Records from a dataset
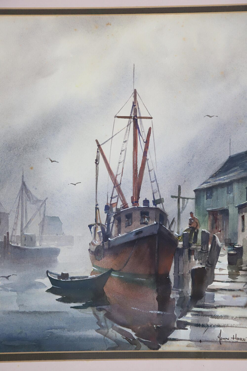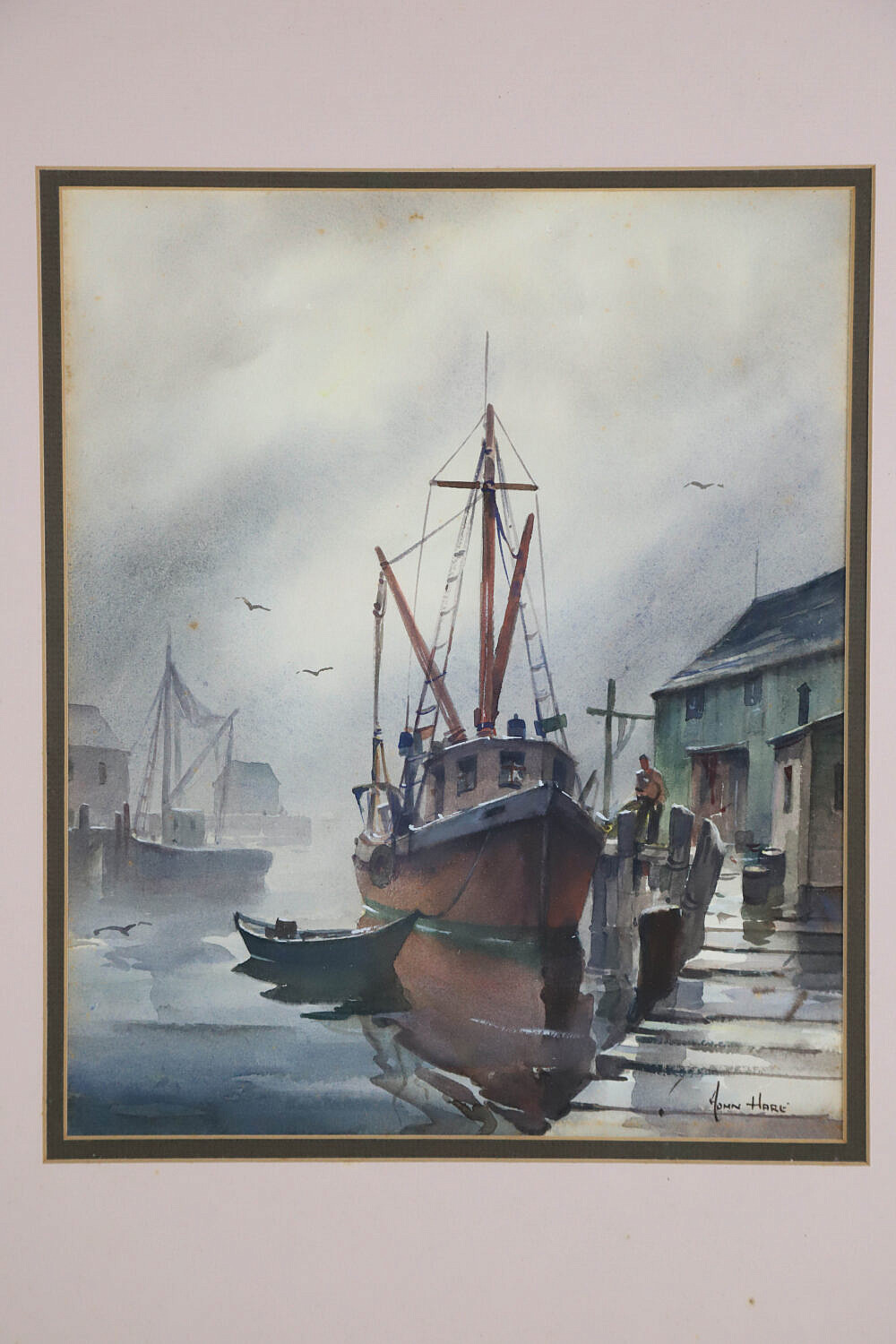 John Hare Watercolor on Paper “Fishing Boats Docked”
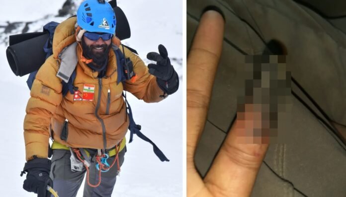 O indiano Madhusudan Patidar, de 29 anos, perdeu parte do dedo mínimo da mão esquerda após retirar a luva por quatro minutos para ajustar o equipamento de câmera no topo do Monte Everest, a montanha mais alta do mundo. A sensação térmica de 35 graus negativos foi o que causou as queimaduras por congelamento do membro.
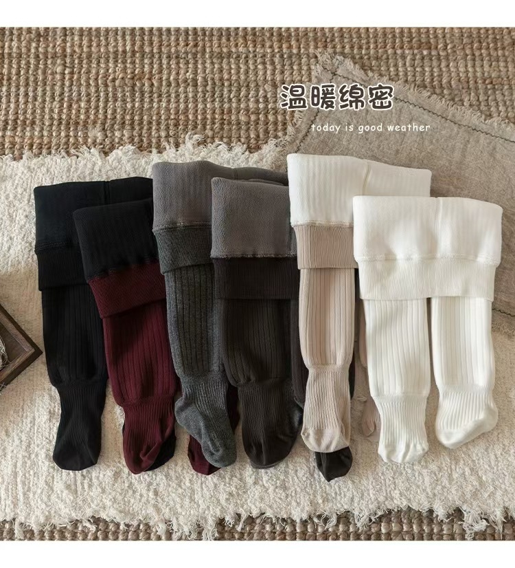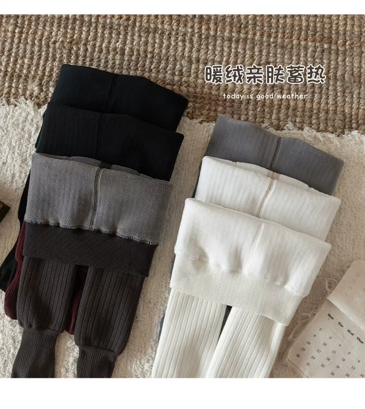 여자 레깅스 겨울 기모 두꺼운 단색 아우터 착용 모든 아기 학생 원피스 따뜻한 어린이 팬티 스타킹
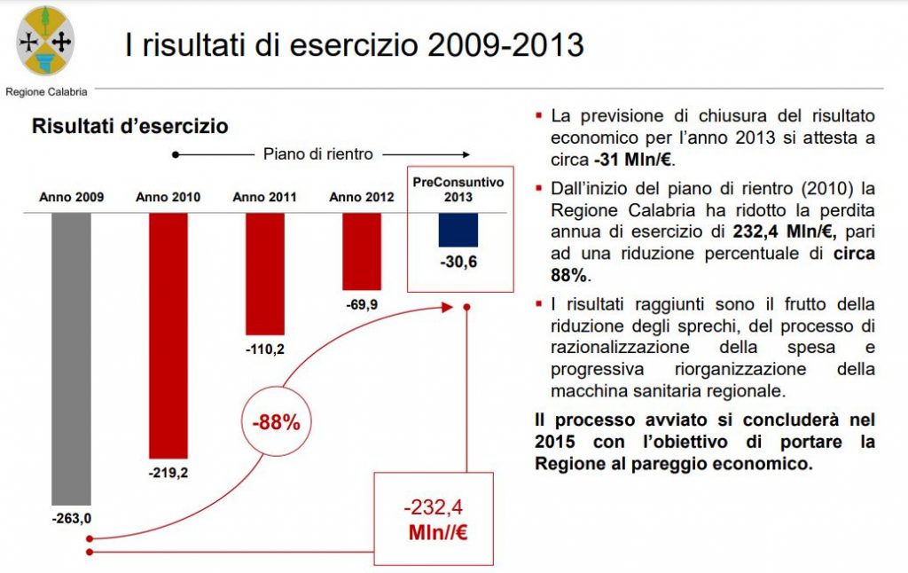 Per analizzare le parole del conduttore di “Quarta Repubblica”, è stato necessario andare a consultare dei dati ufficiali pubblicati nell’aprile 2014 dalla Regione Calabria, relativi ai risultati del bilancio 2010-2013 del Servizio Sanitario territoriale. Si tratta nello specifico proprio del primo periodo di commissariamento, quando il Governo italiano aveva affidato la questione all’allora Presidente di Regione Giuseppe Scopelliti. Come si evince dal grafico, “dall’inizio del piano di rientro (2010) la Regione Calabria ha ridotto la perdita annua di esercizio di € 232,4 mln, pari ad una riduzione percentuale di circa 88%”. Il PreConsuntivo del risultato economico per l’anno 2013 si attesta a infatti a circa €-31mln. “I risultati raggiunti – si legge ancora nel documento – sono il frutto della riduzione degli sprechi, del processo di razionalizzazione della spesa e progressiva riorganizzazione della macchina sanitaria regionale. Il processo avviato si concluderà nel 2015 con l’obiettivo di portare la Regione al pareggio economico”.
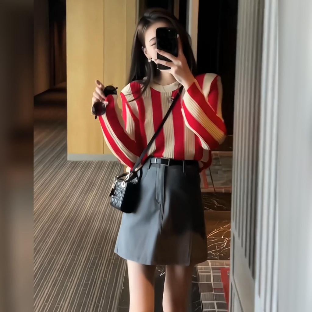 Летняя и весенняя дизайнерская полосатая футболка с длинными рукавами и круглым вырезом, женский пуловер, 2023, повседневный свитер с длинными рукавами, женский пуловер
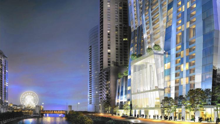 City officials in Chicago have unveiled an 88-story tower designed by Studio Gang Architects for Chinese developer Wanda Group. The zigzag tower would sit in Lakeshore East, the same development as the architect's famous Aqua Tower.
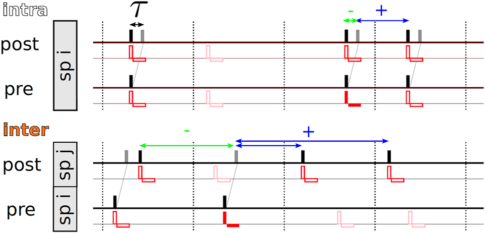 The mean rate of weight change is solely determined by the statistics of time lags, s, between stimulus deliveries to the presynaptic and postsynaptic neuron and are the distributions of time lags, s, that lead to positive (+) and negative (-) weight updates for intra- and interpopulation synapses, respectively, for the considered nearest-neighbor STDP scheme, see above. Negative weight updates result from pairings of delayed presynaptic spike arrivals with postsynaptic spikes triggered by the same (intrapopulation synapses) or the latest stimulus delivered to the subpopulation of the postsynaptic neuron (interpopulation synapses). Positive weight updates result from pairings of postsynaptic spikes with the latest delayed presynaptic spike arrivals caused by the latest stimulus delivered to the presynaptic neuron, see Figure 2.
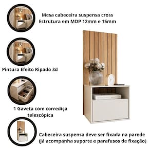 Mesa de Cabeceira Suspensa com Efeito Ripado Cross Freijó - Movelove

▶ **Assignment**
When copying the entries, drop the images and keep every line exact.

▶ **Expected answer**
 John Hare Watercolor on Paper “Fishing Boats Docked”
 O indiano Madhusudan Patidar, de 29 anos, perdeu parte do dedo mínimo da mão esquerda após retirar a luva por quatro minutos para ajustar o equipamento de câmera no topo do Monte Everest, a montanha mais alta do mundo. A sensação térmica de 35 graus negativos foi o que causou as queimaduras por congelamento do membro.
 여자 레깅스 겨울 기모 두꺼운 단색 아우터 착용 모든 아기 학생 원피스 따뜻한 어린이 팬티 스타킹
 Per analizzare le parole del conduttore di “Quarta Repubblica”, è stato necessario andare a consultare dei dati ufficiali pubblicati nell’aprile 2014 dalla Regione Calabria, relativi ai risultati del bilancio 2010-2013 del Servizio Sanitario territoriale. Si tratta nello specifico proprio del primo periodo di commissariamento, quando il Governo italiano aveva affidato la questione all’allora Presidente di Regione Giuseppe Scopelliti. Come si evince dal grafico, “dall’inizio del piano di rientro (2010) la Regione Calabria ha ridotto la perdita annua di esercizio di € 232,4 mln, pari ad una riduzione percentuale di circa 88%”. Il PreConsuntivo del risultato economico per l’anno 2013 si attesta a infatti a circa €-31mln. “I risultati raggiunti – si legge ancora nel documento – sono il frutto della riduzione degli sprechi, del processo di razionalizzazione della spesa e progressiva riorganizzazione della macchina sanitaria regionale. Il processo avviato si concluderà nel 2015 con l’obiettivo di portare la Regione al pareggio economico”.
 Летняя и весенняя дизайнерская полосатая футболка с длинными рукавами и круглым вырезом, женский пуловер, 2023, повседневный свитер с длинными рукавами, женский пуловер
 City officials in Chicago have unveiled an 88-story tower designed by Studio Gang Architects for Chinese developer Wanda Group. The zigzag tower would sit in Lakeshore East, the same development as the architect's famous Aqua Tower.
 The mean rate of weight change is solely determined by the statistics of time lags, s, between stimulus deliveries to the presynaptic and postsynaptic neuron and are the distributions of time lags, s, that lead to positive (+) and negative (-) weight updates for intra- and interpopulation synapses, respectively, for the considered nearest-neighbor STDP scheme, see above. Negative weight updates result from pairings of delayed presynaptic spike arrivals with postsynaptic spikes triggered by the same (intrapopulation synapses) or the latest stimulus delivered to the subpopulation of the postsynaptic neuron (interpopulation synapses). Positive weight updates result from pairings of postsynaptic spikes with the latest delayed presynaptic spike arrivals caused by the latest stimulus delivered to the presynaptic neuron, see Figure 2.
 Mesa de Cabeceira Suspensa com Efeito Ripado Cross Freijó - Movelove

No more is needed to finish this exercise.